Hello everyone,
I apologize in advance for what I believe is going to be a rather silly question, but better to be safe than sorry. A brief background: I am starting to use STAR for DE analysis of differently treated mouse cell lines. However, I am not quite sure which mouse genome sequence and annotation files to use to fully satisfy STAR manual recommendations. If I understood correctly, STAR Manual v2.4.0.1 suggests that sequence file should contain chromosomal DNA, mitochondrial DNA and scaffolds, and that GENCODE annotations of those sequences are recommended. Also, Alex suggests that patches and alternative haplotypes should not be included in the genome (Manual, and http://seqanswers.com/forums/showthread.php?t=27470&page=5). Since GENCODE has both the annotations and sequence files for mouse, the most obvious thing to do was to use those.
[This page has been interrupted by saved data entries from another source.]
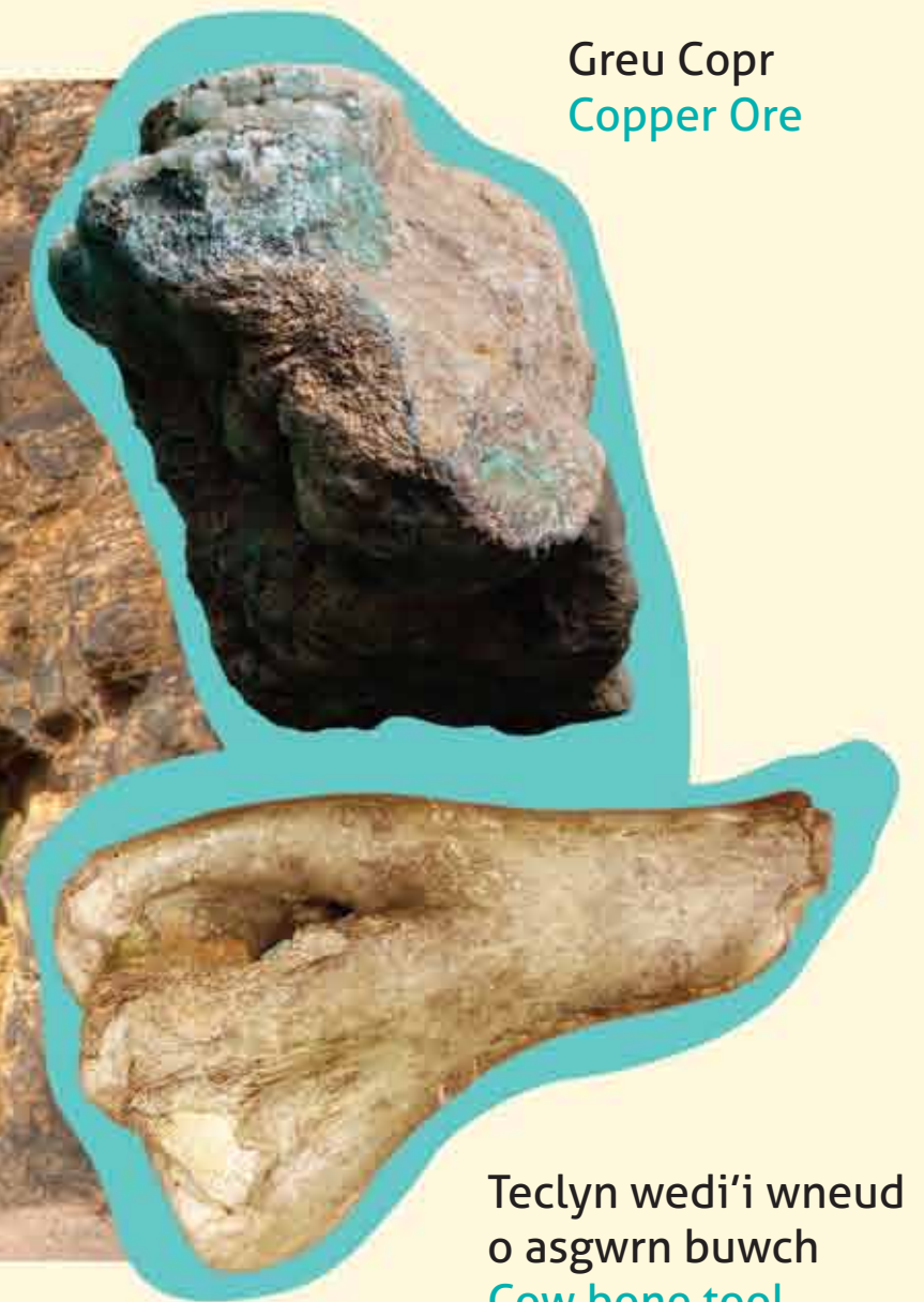
Greu Copr Copper Ore
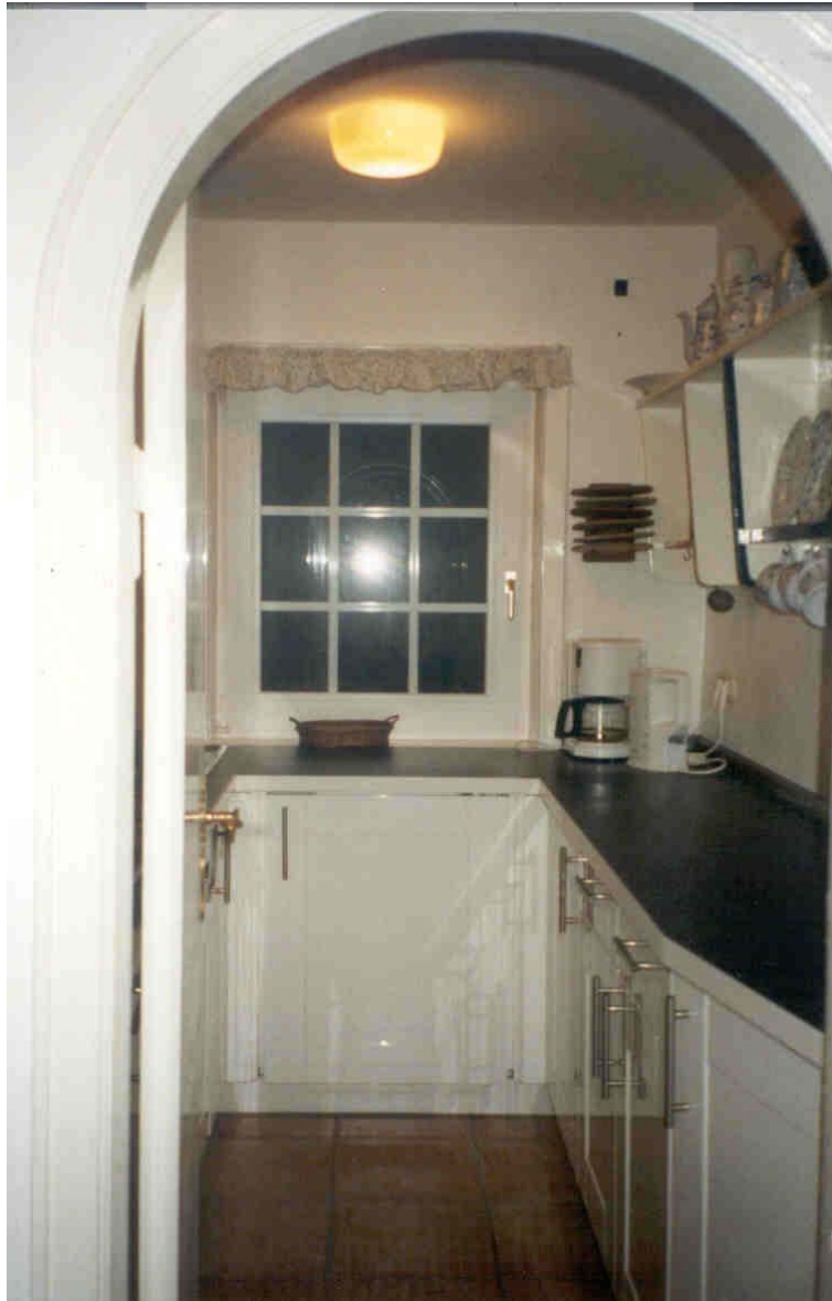
Abbildung 5 Blick in die Küche des Hauses

Das Haus hat drei kleine Schlafzimmer mit 1, 2 und 3 Betten, Dusche-WC, Wohn-Essraum und Küche. Alle notwendigen Elektrogeräte sowie eine Waschmaschine mit Schleuder sind vorhanden.
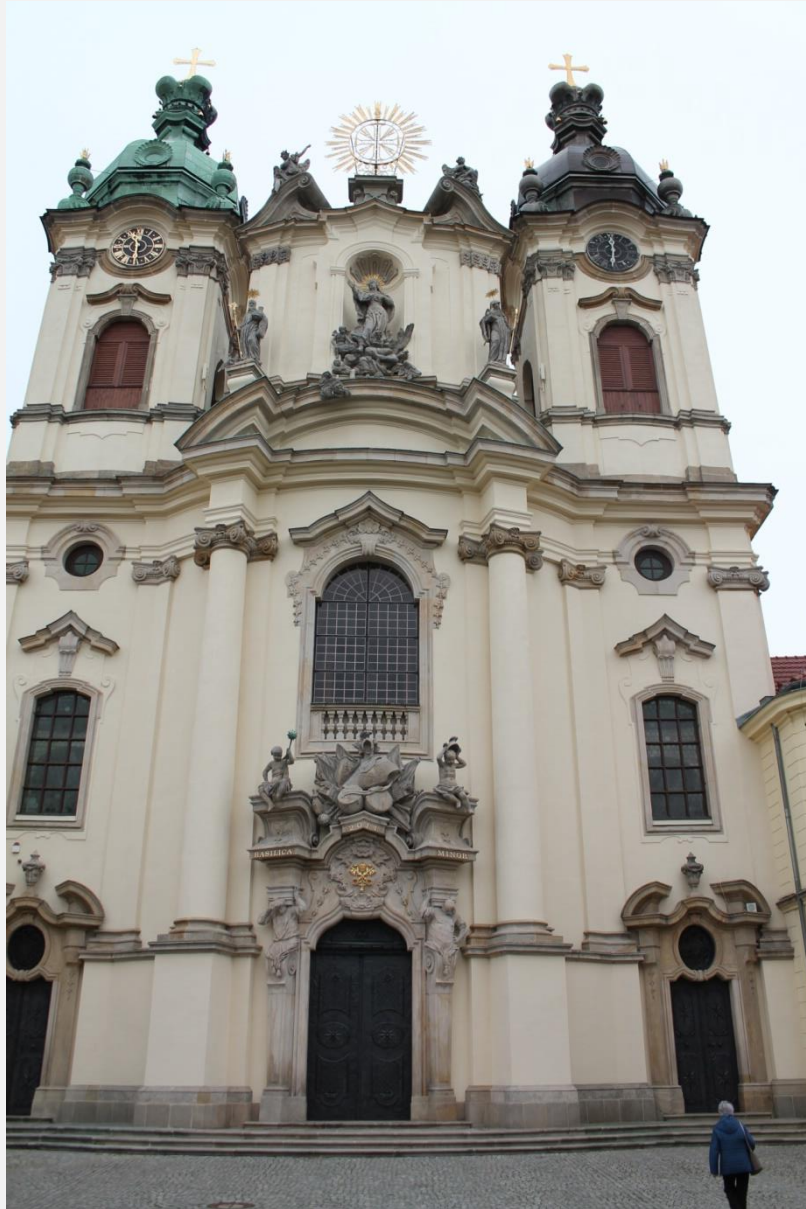
Fasada bazyliki mniejszej pw. Św. Jadwigi zbudowana w latach 1723-1726.

It would seem that the latest mouse genome sequence at GENCODE is ftp://ftp.sanger.ac.uk/pub/gencode/Gencode_mouse/release_M4/GRCm38.p3.genome.fa.gz, and the corresponding GTF file is ftp://ftp.sanger.ac.uk/pub/gencode/Gencode_mouse/release_M4/gencode.vM4.chr_patch_hapl_scaff.annotation.gtf.gz. However, in addition to chromosomal, mitochondrial and scaffold DNA, these files apparently also contain patches and haplotypes and by looking at either the sequence or corresponding annotation file I am unable to differentiate between them. I am sure I am missing something obvious – but how to know what is what, so that I can throw it out of the sequence and annotation files and keep only what is recommended for building the genome index.
Thanks to everyone in advance for reading and helping out.